The “clinically proven” claim is starting to look at little shaky.

But can it at least treat a common cold? That would be pretty impressive if it could. The common cold has proved remarkably resilient to anything medical science can throw at it. A treatment that actually worked against the common cold would indeed be good news.

The first of the trials was published in 2010. It was an exploratory study in 35 patients who were in the first 48 hours of a cold, but otherwise healthy. It was randomised and double-blind, and as far as I can tell from the paper, seems to have been reasonably carefully conducted. The study showed a significant benefit of the nasal spray on the primary outcome measure, namely the average of a total symptom score on days 2 to 4 after the start of dosing.

Well, I say significant. It met the conventional level of statistical significance, but only just, at P = 0.046 (that means that there’s about a 1 in 20 chance you could have seen results like this if the product were in fact completely ineffective: not a particularly high bar). The size of the effect also wasn’t very impressive: the symptom score was 4.6 out of a possible 24 in the active treatment group and 6.3 in the placebo group. Not only that, but it seems symptom scores were higher in the placebo group at baseline as well, and no attempt was made to adjust for that.

So not wholly convincing, really.
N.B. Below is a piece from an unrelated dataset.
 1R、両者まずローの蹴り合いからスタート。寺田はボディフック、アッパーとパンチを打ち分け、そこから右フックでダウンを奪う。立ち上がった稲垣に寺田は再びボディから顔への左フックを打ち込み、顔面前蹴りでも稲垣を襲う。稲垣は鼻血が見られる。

On the other hand, the study did show quite an impressive effect on the secondary outcome of viral load, with a 6-fold increase from baseline to day 3 or 4 in the placebo group, but a 92% decrease in the active group. This was statistically significant at P = 0.009.

So we have some preliminary evidence of efficacy, but with such a small study and such unconvincing results on the primary outcome of symptoms, I think we’re going to have to do a lot better.
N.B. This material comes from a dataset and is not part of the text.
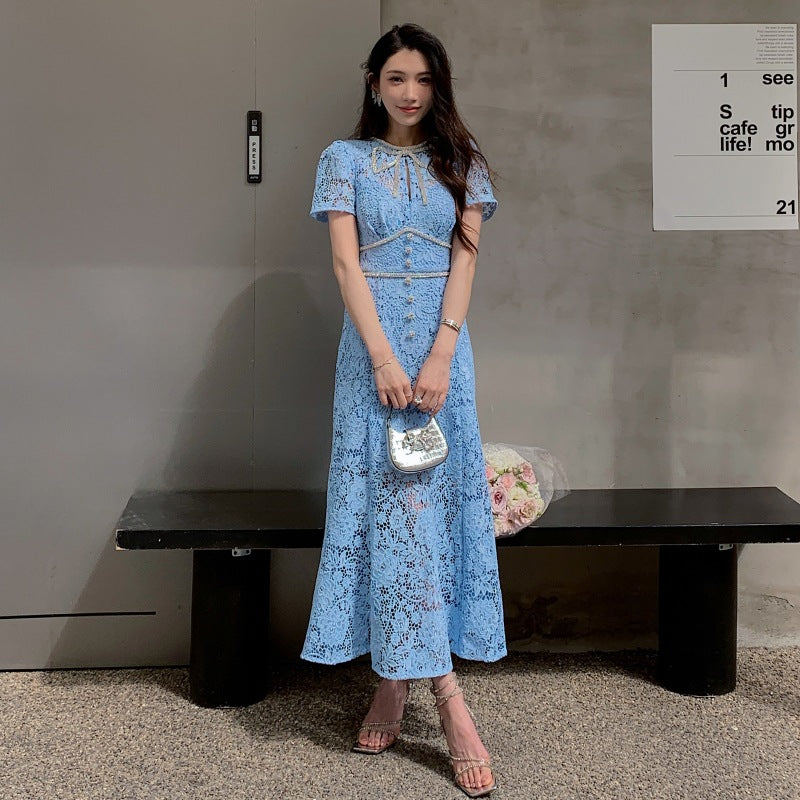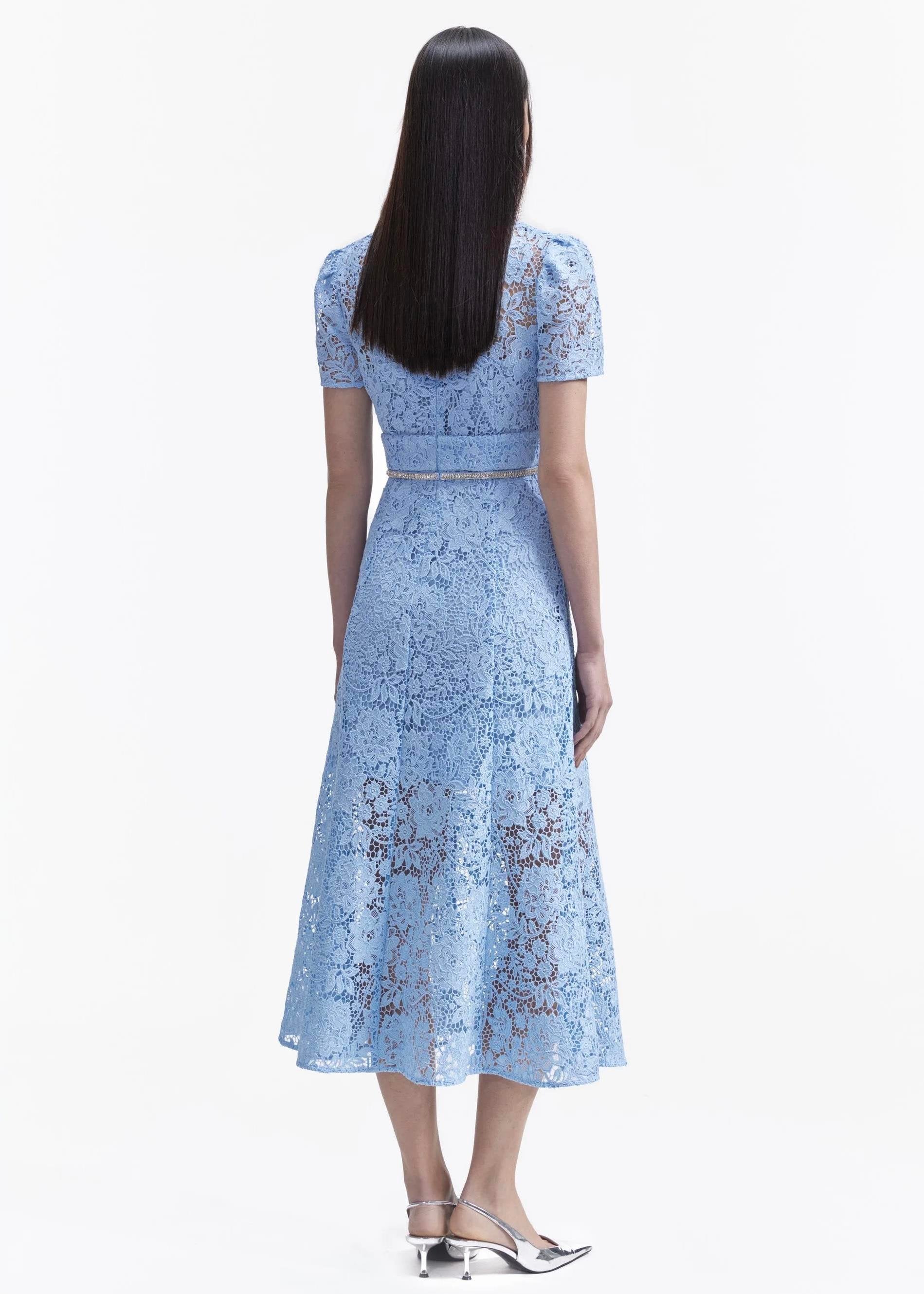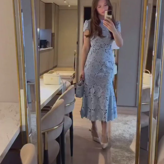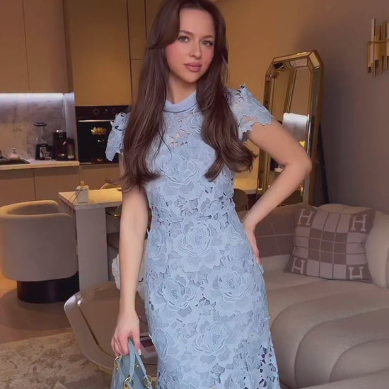 Üç Boyutlu Çiçek Detaylı Mavi- Beyaz Dantel Midi Elbise

The next study was published in 2012, and included children (ages 1 to 18 years) in the early stages of a common cold. It was also randomised and double blind. The study randomised 213 patients, but only reported efficacy data for 153 of them, so that’s not a good start. It also completely failed to show any difference between the active and placebo treatments on the primary outcome measure, the symptom score from days 2 to 7. Again, there was a significant effect on viral load, but given the lack of an effect on the symptom score, it’s probably fair to say the product doesn’t work very well, if at all, in children.
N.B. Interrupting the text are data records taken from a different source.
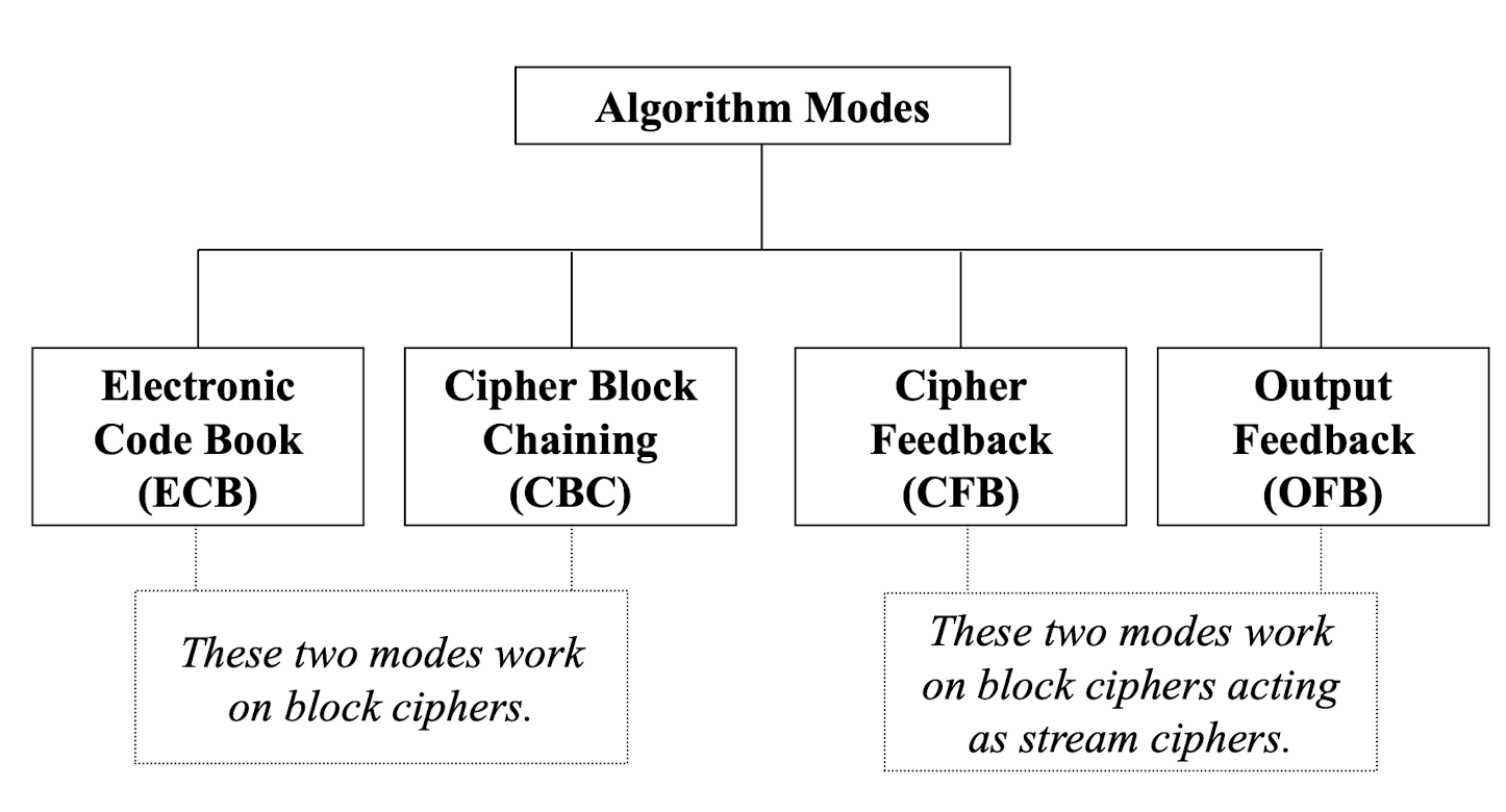 - An algorithm modes is a combination of a series of the basic algorithm steps on block cipher, and some kind of feedback from the previous step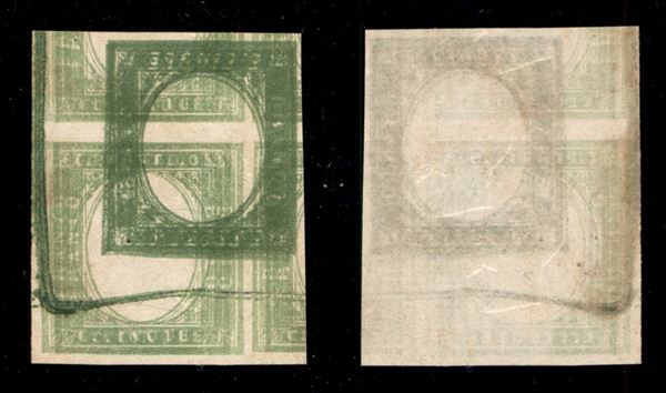 1863 - 5 cent verde chiaro (13Eb) con parte di 3 vicini + 5 cent verde cupo (13Ea) - linee angolari di riquadro - tutti con effigie singola e doppia stampa del disegno - senza gomma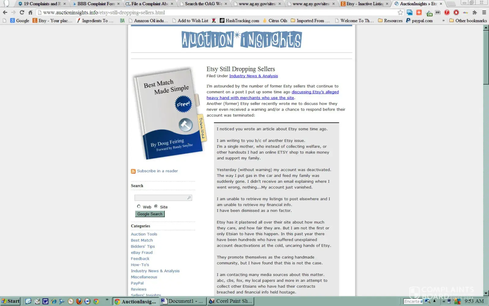 Etsy closed my account permanently when I complained about undeserved Negative Etsy Feedback from an Internet thief and scam artist (see Shalane Doucette, or [a/k/a] ‘Lanie Bulzachelli, ' and/or (Palace Cats) ‘palacecats, ’ PalaceCats, Inc., 7206 Jasmine Road, Fort Myers, Florida, USA). When I complained, they suspended my account for a month. I kept my Etsy Listing Fee bills current, even paying for the month my account was suspended. When I complained again, they disabled my account, closing it permanently. While researching Etsy's rules and regulations, I discovered that Etsy has gone from the "hand-made" only sales website to something that resembles Ebay, for resellers only, selling trinkets, and although these trinkets are "hand-made, " they are hand made in a China sweatshop on an assembly line. I was originally disappointed with Etsy, but there are many other Internet websites (NOT Ebay) that surpass Etsy's traffic volume, hits and sales! Internet websites such as 'Bidstart, ' "Zazzle, " "Froogle, " "Yahoo!" These websites promote your sales items better, get more traffic and hits and they are not unscrupulous, like, unfortunately Etsy has become!

The final study was published in 2013. It was again randomised and double blind, and like the first study included otherwise healthy adults in the first 48 h of a common cold. The primary endpoint was different this time, and was the duration of disease. This was a larger study than the first one, and included 211 patients.

The results were far from impressive. One of the big problems with this study was that they restricted their efficacy analysis to the subset of 118 patients with laboratory confirmed viral infection. Losing half your patients from the analysis like this is a huge problem. If you have a cold and are tempted to buy this product, you won’t know whether you have laboratory confirmed viral infection, so the results of this study may not apply to you.

But even then, the results were distinctly underwhelming. The active and placebo treatments were only significantly different in the virus-positive per-protocol population, a set of just 103 patients: less than half the total number recruited. And even then, the results were only just statistically significant, at P = 0.037. The duration of disease was reduced from 13.7 days in the placebo group to 11.6 days in the active group.

So, do I think that Boots Cold and Flu Defence is “clinically proven”? Absolutely not. There is no evidence whatsoever that it prevents a cold. There is no evidence whatsoever that it either prevents or treats flu.

There is some evidence that it may help treat a cold. It’s really hard to know whether it does or not from the studies that have been done so far. Larger studies will be needed to confirm or refute the claims. If it does help to treat a cold, it probably doesn’t help very much.

The moral of this story is that if you see the words “clinically proven” in an advert, please be aware that that phrase is completely meaningless.